* _Input records_
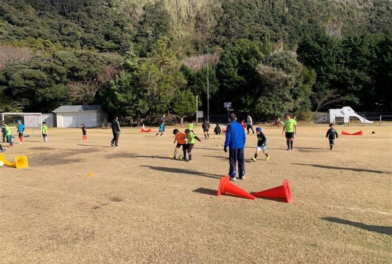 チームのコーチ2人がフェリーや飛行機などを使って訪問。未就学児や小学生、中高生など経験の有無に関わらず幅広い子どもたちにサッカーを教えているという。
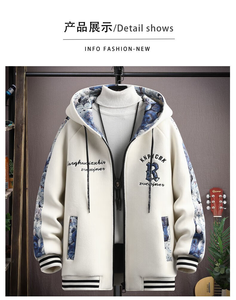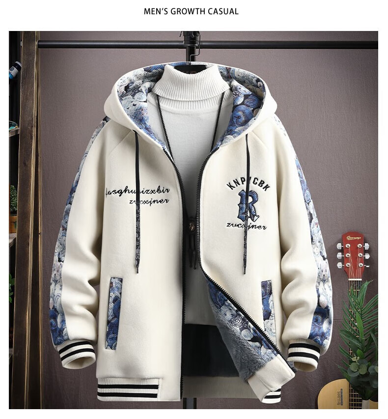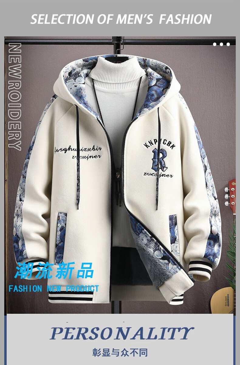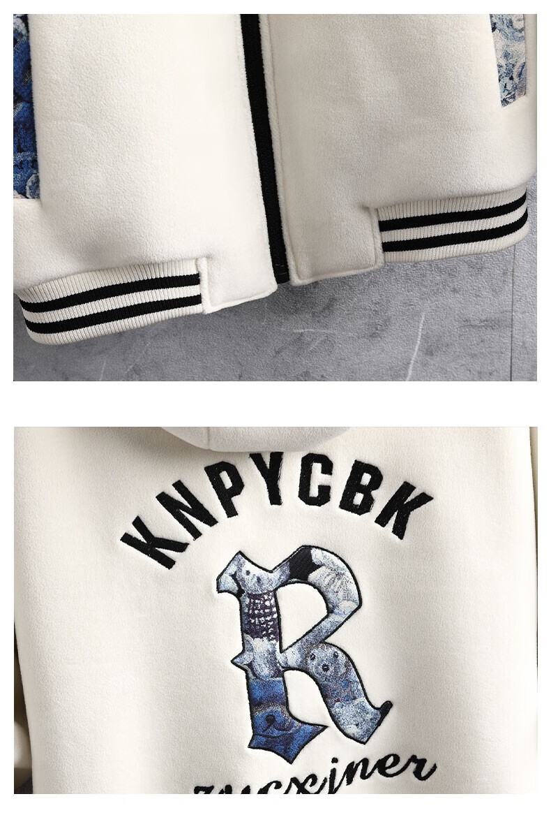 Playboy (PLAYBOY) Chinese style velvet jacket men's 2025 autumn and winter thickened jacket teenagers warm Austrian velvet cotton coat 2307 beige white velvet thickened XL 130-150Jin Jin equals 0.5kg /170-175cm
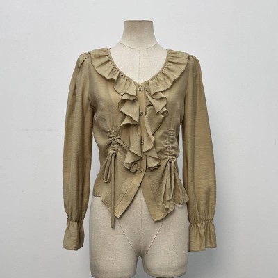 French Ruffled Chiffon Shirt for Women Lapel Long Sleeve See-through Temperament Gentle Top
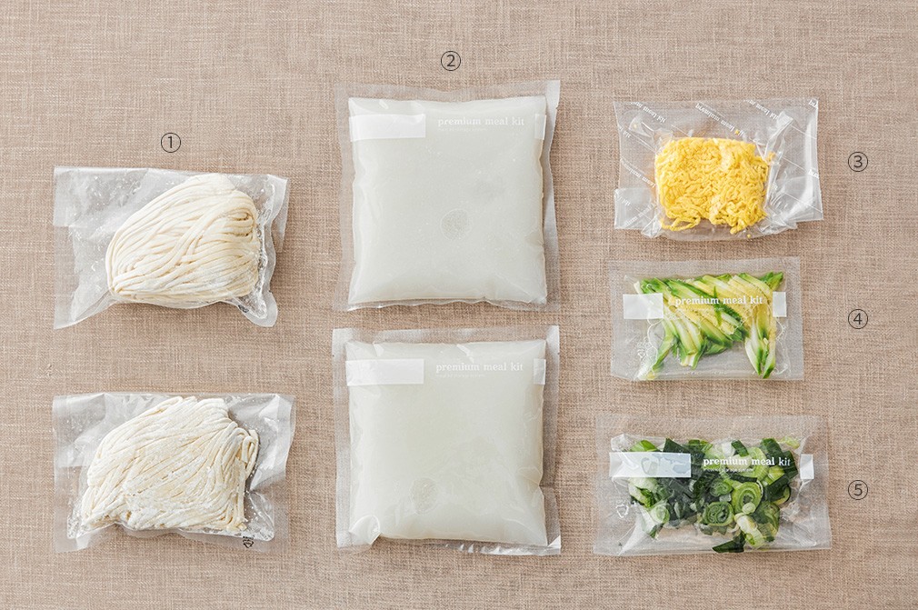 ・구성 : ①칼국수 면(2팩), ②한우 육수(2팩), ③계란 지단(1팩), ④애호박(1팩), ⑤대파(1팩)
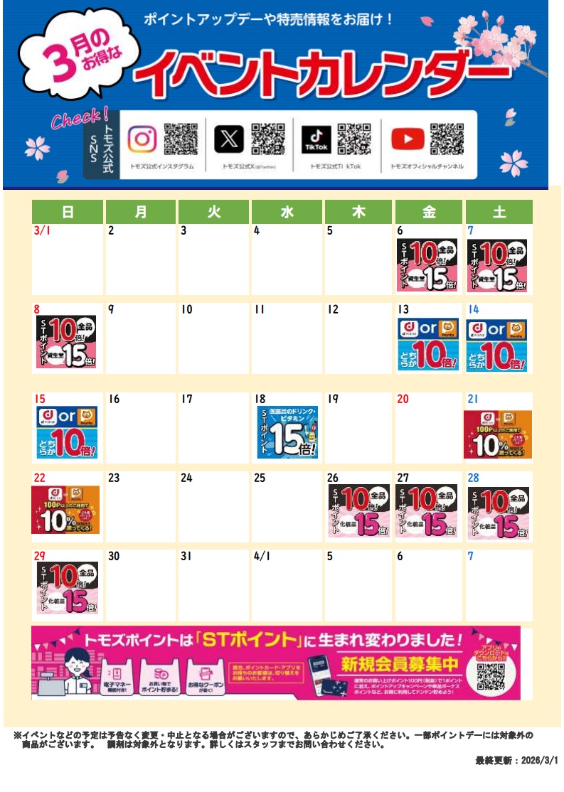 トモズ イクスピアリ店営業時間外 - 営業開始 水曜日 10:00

* * *

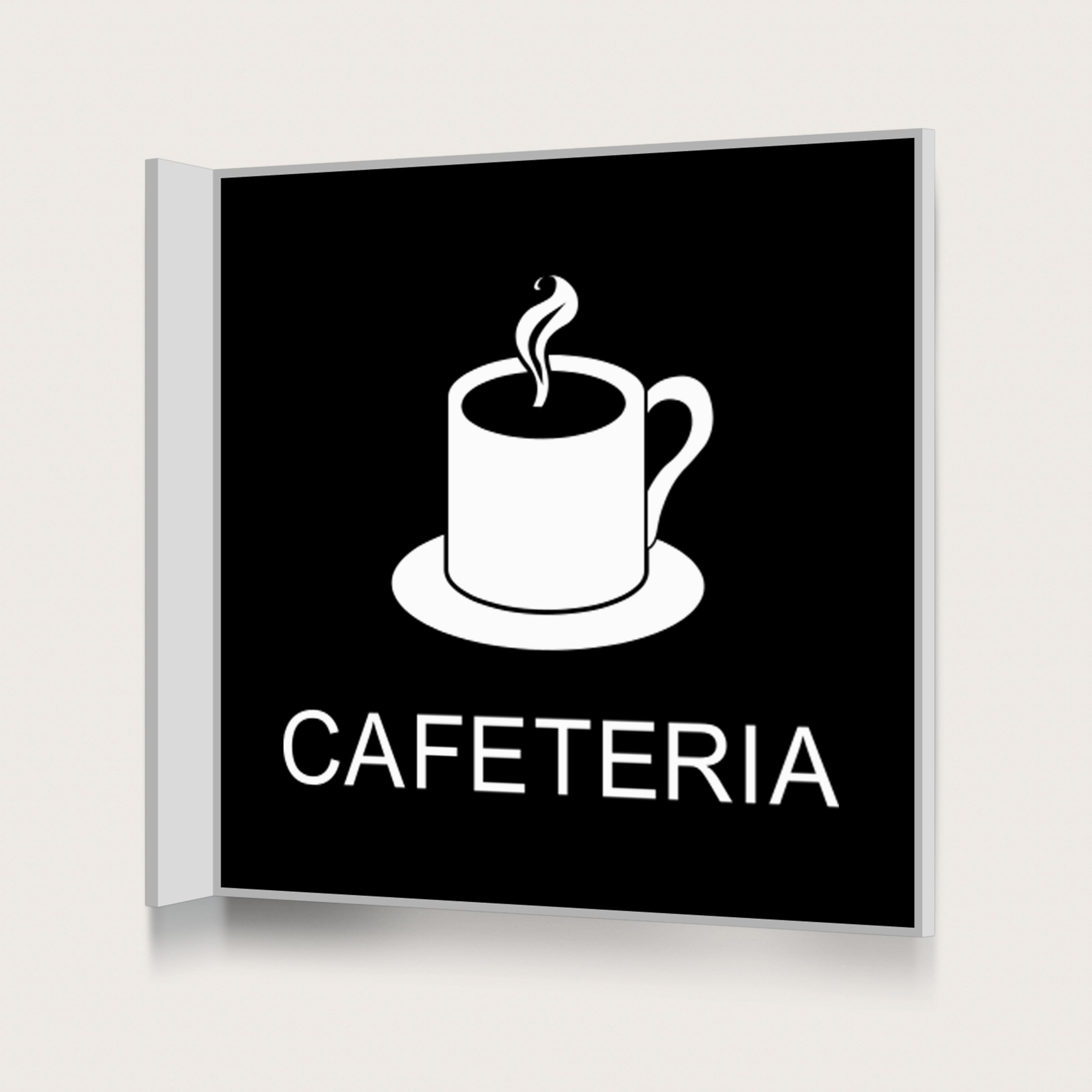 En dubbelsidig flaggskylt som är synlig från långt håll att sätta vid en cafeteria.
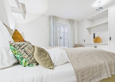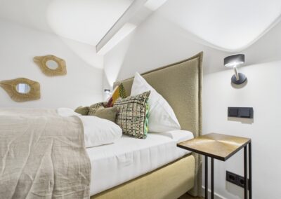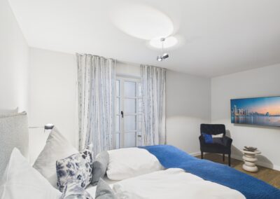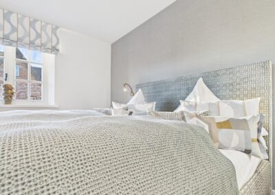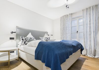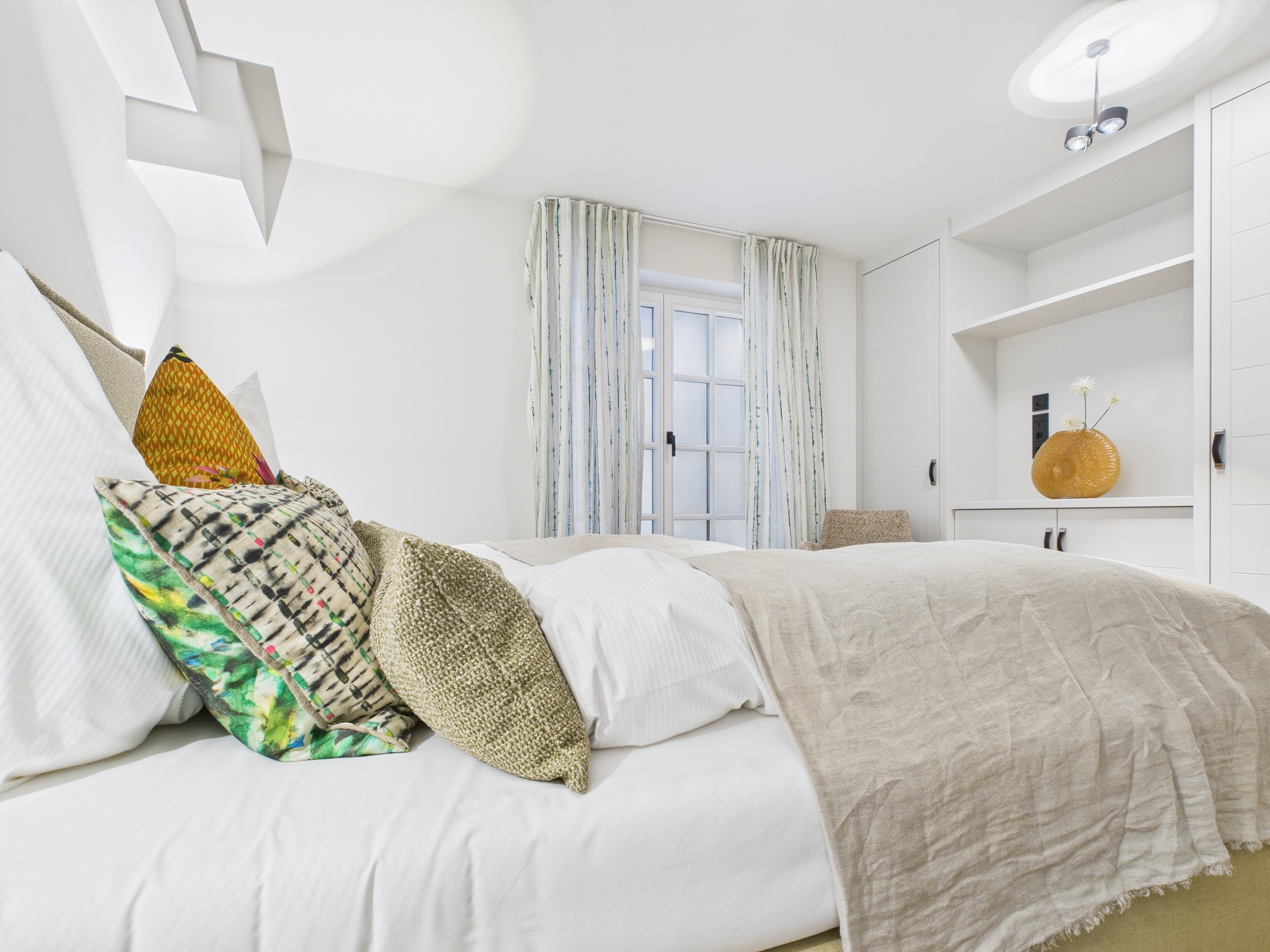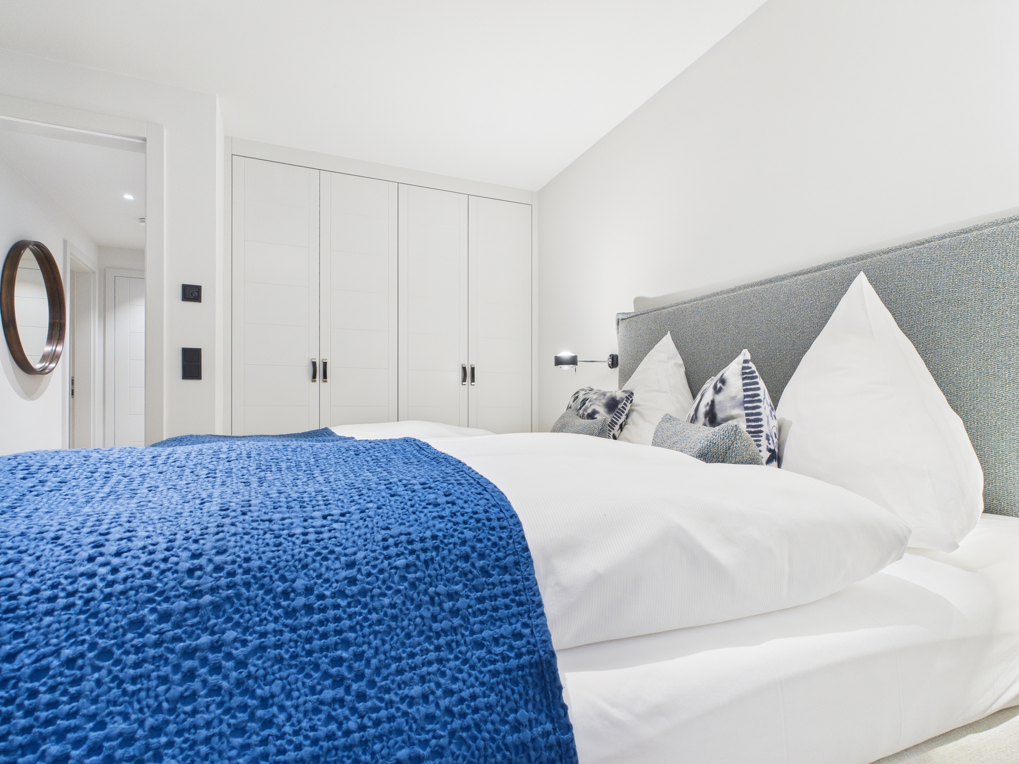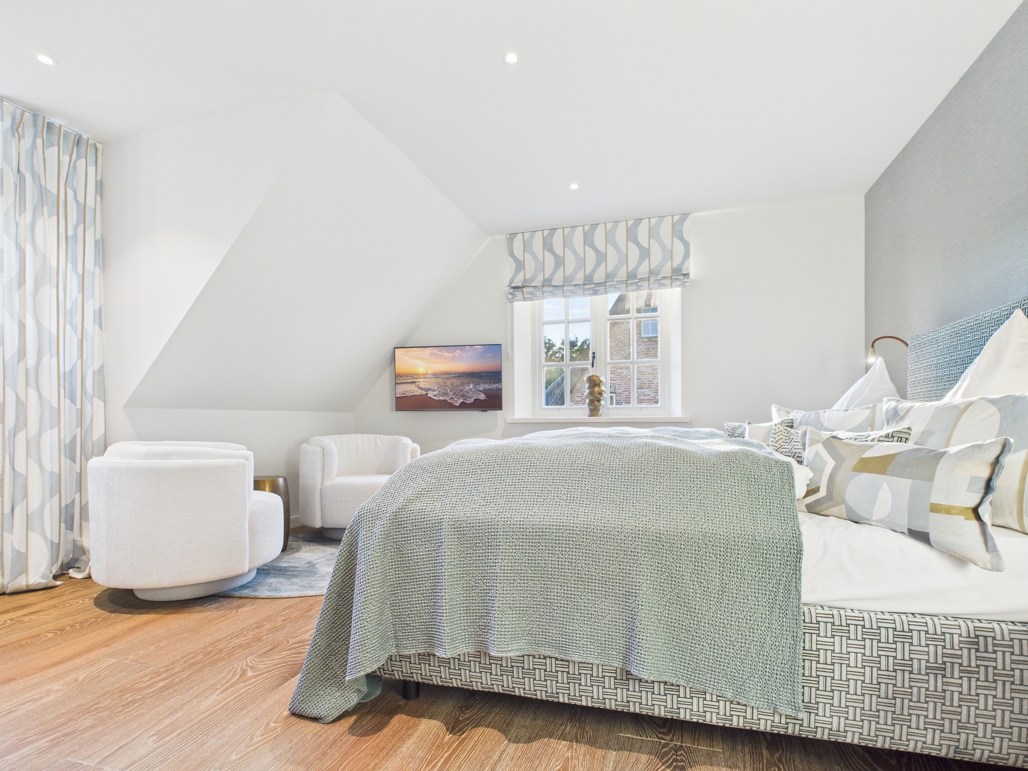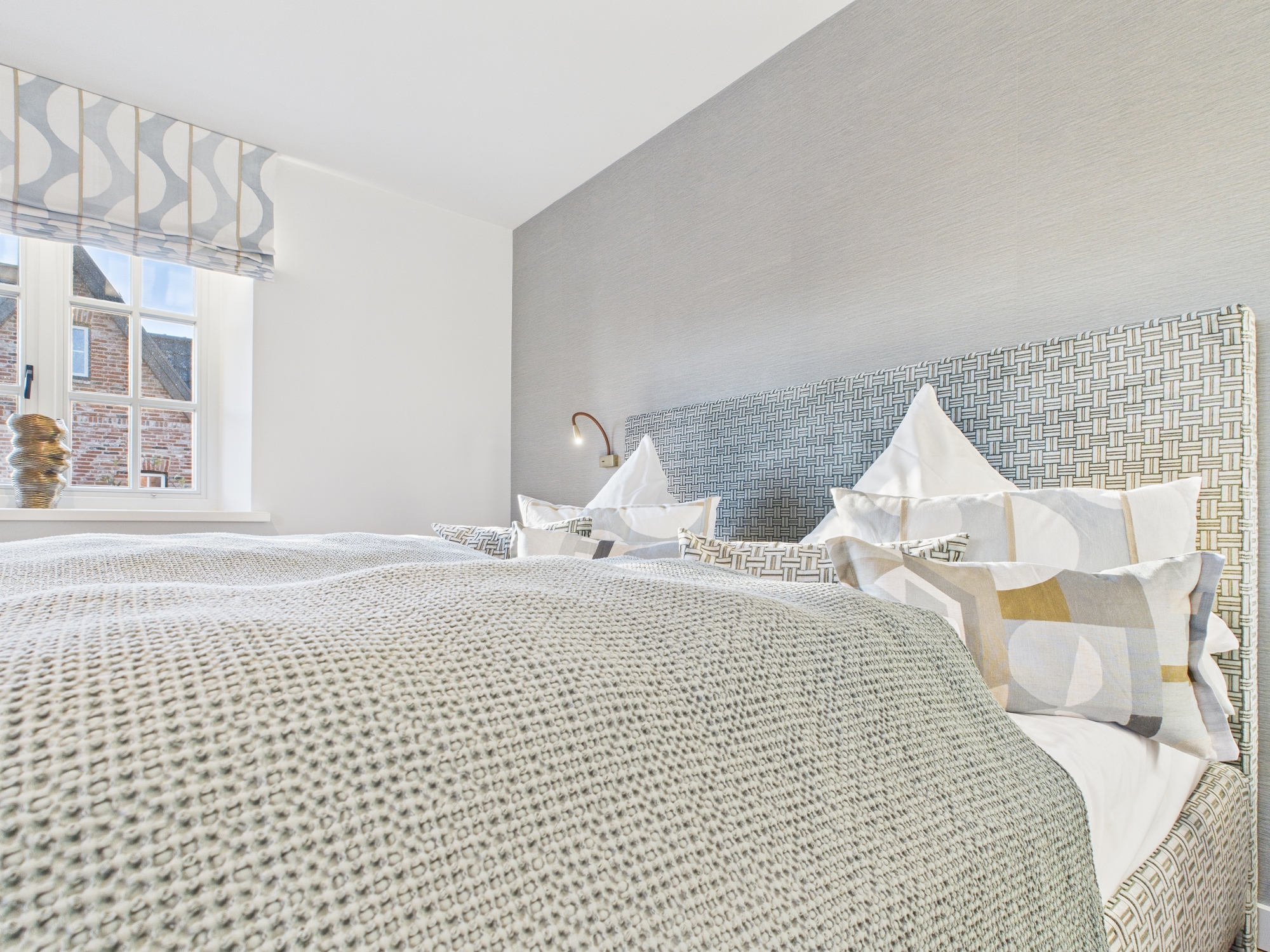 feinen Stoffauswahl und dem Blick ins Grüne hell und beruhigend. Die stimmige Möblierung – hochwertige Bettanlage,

* _Your objective_
From the data above, return only the lines starting at the line that holds "チームのコーチ2人がフェリー" and ending at the line that holds "トモズ イクスピアリ店営業時間外 - 営業開始 水曜日 10:00", word for word and without pictures.

* _Solution for this problem_
 チームのコーチ2人がフェリーや飛行機などを使って訪問。未就学児や小学生、中高生など経験の有無に関わらず幅広い子どもたちにサッカーを教えているという。
 Playboy (PLAYBOY) Chinese style velvet jacket men's 2025 autumn and winter thickened jacket teenagers warm Austrian velvet cotton coat 2307 beige white velvet thickened XL 130-150Jin Jin equals 0.5kg /170-175cm
 French Ruffled Chiffon Shirt for Women Lapel Long Sleeve See-through Temperament Gentle Top
 ・구성 : ①칼국수 면(2팩), ②한우 육수(2팩), ③계란 지단(1팩), ④애호박(1팩), ⑤대파(1팩)
 トモズ イクスピアリ店営業時間外 - 営業開始 水曜日 10:00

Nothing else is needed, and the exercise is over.